_What is being asked_
The answer consists of the lines from the line holding "数码博主 @数码闲聊站 今日透露,他的消息来源表明华为正在为新一代折叠屏设备测试屏下指纹和" through the last line of the entries, retyped exactly, and nothing else. No pictures belong in it.

_Supplied records_
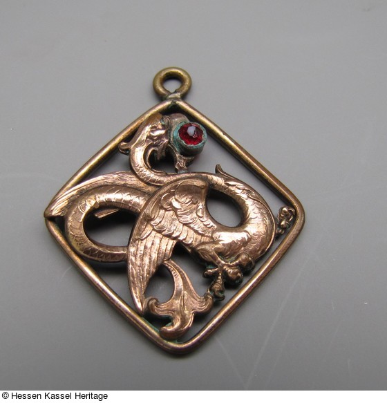 Kupferlegierung vergoldet, nachpunziert. Der rahmende Draht ist angenietet. Glasstein. |
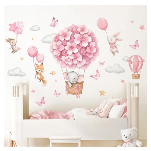 Little Deco Väggdekal, djur, elefant, varmluftsballong, väggklistermärke, barnrum, ballong, räv, väggklistermärke, hare, babyrum, sovrum, väggdekoration, DL5129-03
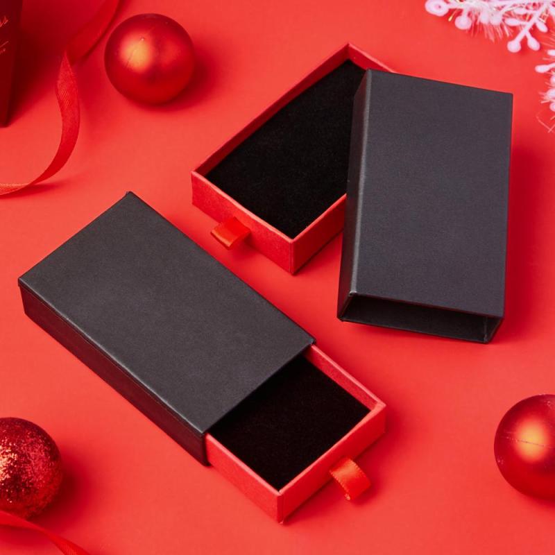 Keychain Box-Kraft Paper Drawer Box Black Gift Box with Sponge for Jewelry Bracelet Ring Gift Packaging
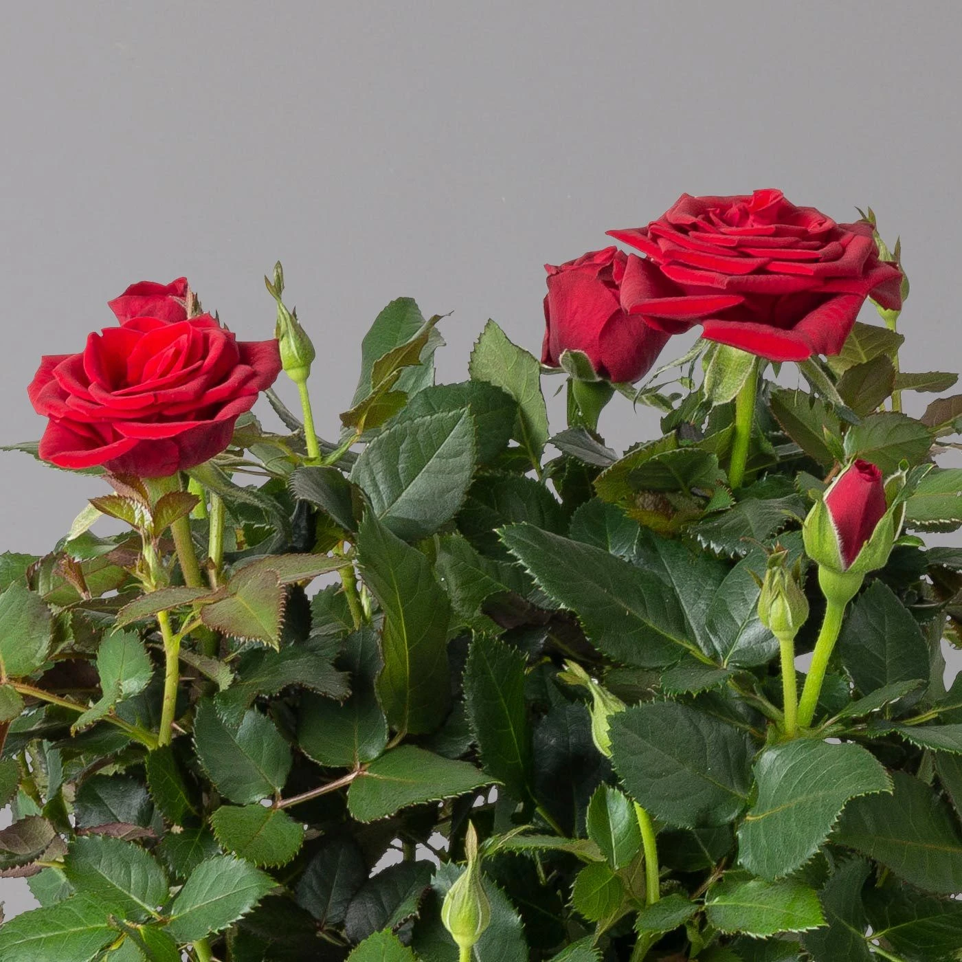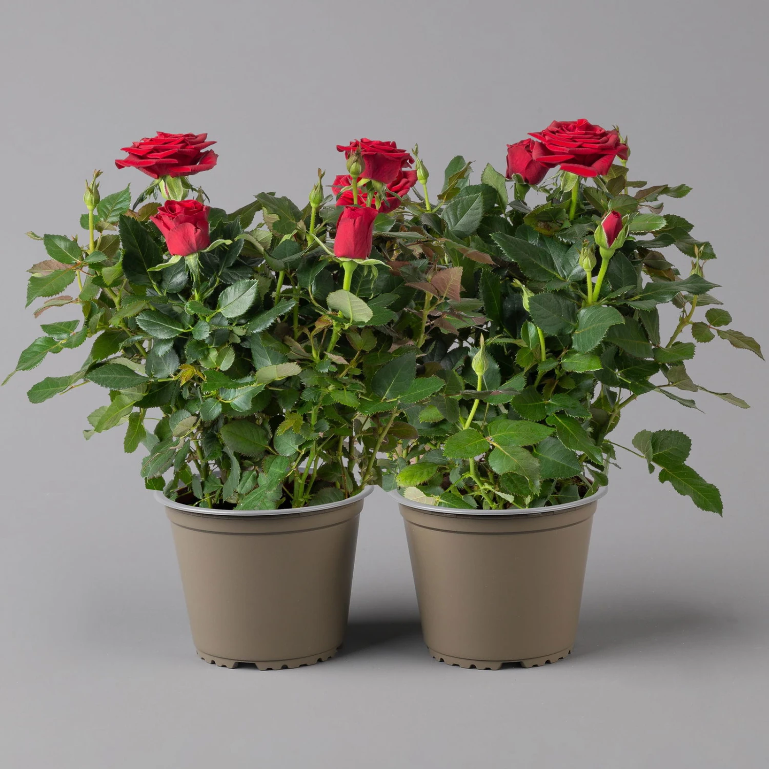 Die Rose (Rosa) überzeugt seit jeher mit ihrer Eleganz und ihren prachtvollen Blüten, ob als Schnittblume, im Beet oder als imposante Rosenbüsche. Mit unserem Set’s erhalten Sie formschöne Topfrosen in rot, die sowohl als bezaubernde Tischdekoration als auch als Stilelement auf Fensterbank oder Schränken eine tolle Figur machen. Sobald keine Gefahr von Nachtfrösten mehr besteht, kann die Rose auch im Kübel oder Balkonkasten auf Terrasse und Balkon, oder sogar ins Beet im eigenen Garten ausgepflanzt werden.
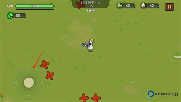 1、操作摇杆移动角色以躲避障碍与敌人。
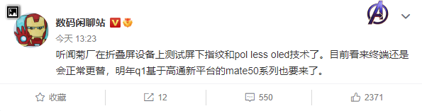 数码博主 @数码闲聊站 今日透露,他的消息来源表明华为正在为新一代折叠屏设备测试屏下指纹和 pol less oled 技术,预计新款 Mate X3(暂称)还会正常更替。
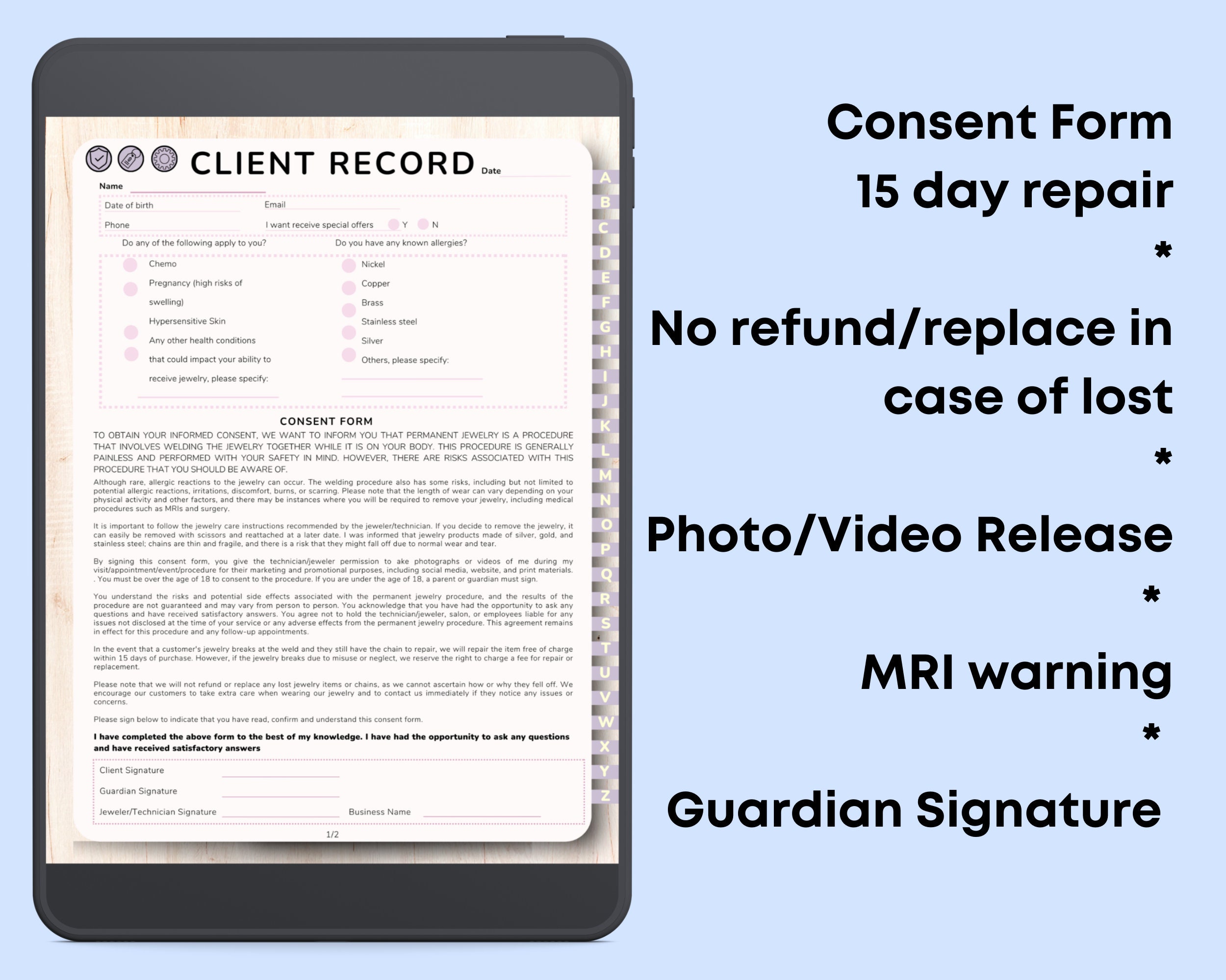 Permanent Jewelry Consent Form Permanent Jewelry Digital Client Record
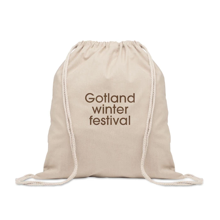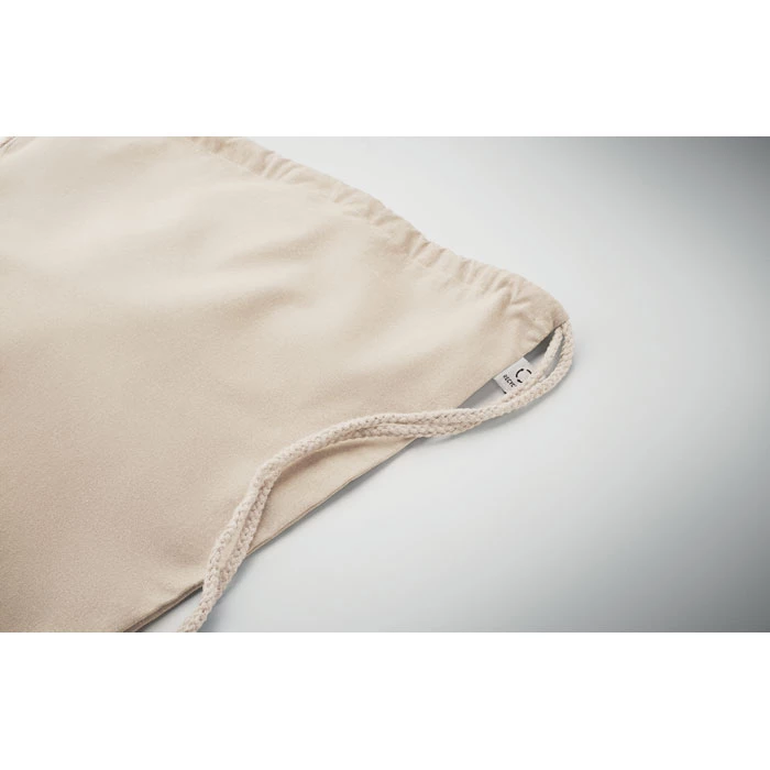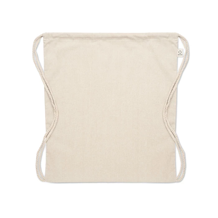 Worek ze sznurkiem wykonany z przetworzonej bawełny (70%) i RPET (30%). 140 gr/m². Ten produkt może się kurczyć po zadrukowaniu.
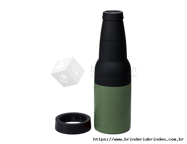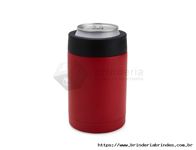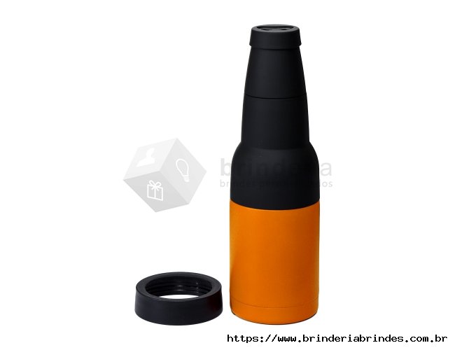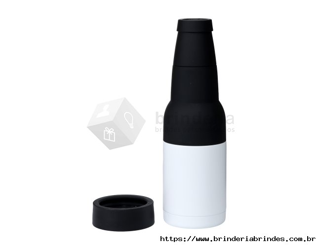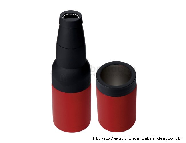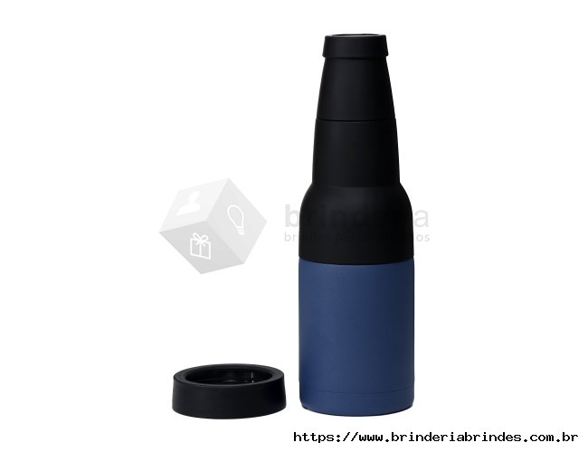Copo térmico multiuso em inox e plástico, pode ser usado como porta long neck ou porta lata, possui abridor de garrafa.
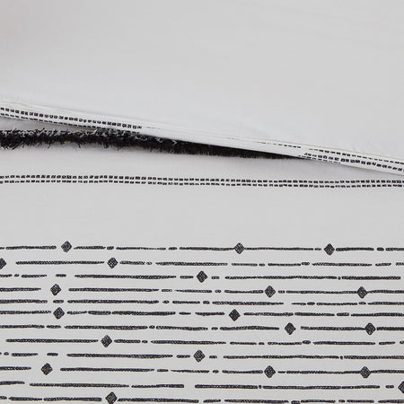 Give your bedroom a shabby chic update with the INK+IVY Cotton Printed Comforter Set with Trims. The 100% cotton comforter features a black stripe print with 6 rows of cotton tufted trims that add dimension to the charming boho look. Hidden bar tacks on the top of the comforter create a clean, duvet-like finish and the solid black reverse adds a bold touch to the design. Matching shams with 1-inch self-flanges and overlap closures on the back provide the finishing touches to this cotton comforter set. Items in the set may come in a rolled or compressed packaging, which will need to be fluffed up or steam ironed before use to remove wrinkles.
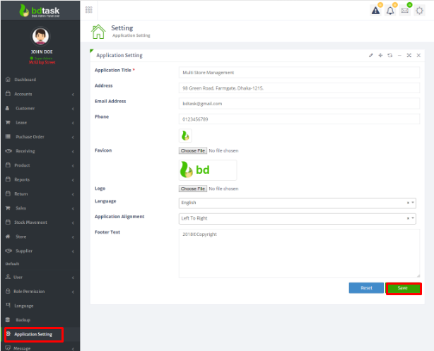 4. Here is Application Settings.procedure is:Application title>address>Email address>phone>Favicon>Upload logo>select language>select application allignment,then click save button
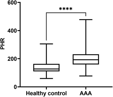 Figure 1. PHR levels in patients with AAA and healthy control group. Data were presented as median (min -max). AAA, abdominal aortic aneurysm; PHR, platelet to high-density lipoprotein cholesterol ratio; ****P < 0.0001.

_Written response_
 数码博主 @数码闲聊站 今日透露,他的消息来源表明华为正在为新一代折叠屏设备测试屏下指纹和 pol less oled 技术,预计新款 Mate X3(暂称)还会正常更替。
 Permanent Jewelry Consent Form Permanent Jewelry Digital Client Record
 Worek ze sznurkiem wykonany z przetworzonej bawełny (70%) i RPET (30%). 140 gr/m². Ten produkt może się kurczyć po zadrukowaniu.
Copo térmico multiuso em inox e plástico, pode ser usado como porta long neck ou porta lata, possui abridor de garrafa.
 Give your bedroom a shabby chic update with the INK+IVY Cotton Printed Comforter Set with Trims. The 100% cotton comforter features a black stripe print with 6 rows of cotton tufted trims that add dimension to the charming boho look. Hidden bar tacks on the top of the comforter create a clean, duvet-like finish and the solid black reverse adds a bold touch to the design. Matching shams with 1-inch self-flanges and overlap closures on the back provide the finishing touches to this cotton comforter set. Items in the set may come in a rolled or compressed packaging, which will need to be fluffed up or steam ironed before use to remove wrinkles.
 4. Here is Application Settings.procedure is:Application title>address>Email address>phone>Favicon>Upload logo>select language>select application allignment,then click save button
 Figure 1. PHR levels in patients with AAA and healthy control group. Data were presented as median (min -max). AAA, abdominal aortic aneurysm; PHR, platelet to high-density lipoprotein cholesterol ratio; ****P < 0.0001.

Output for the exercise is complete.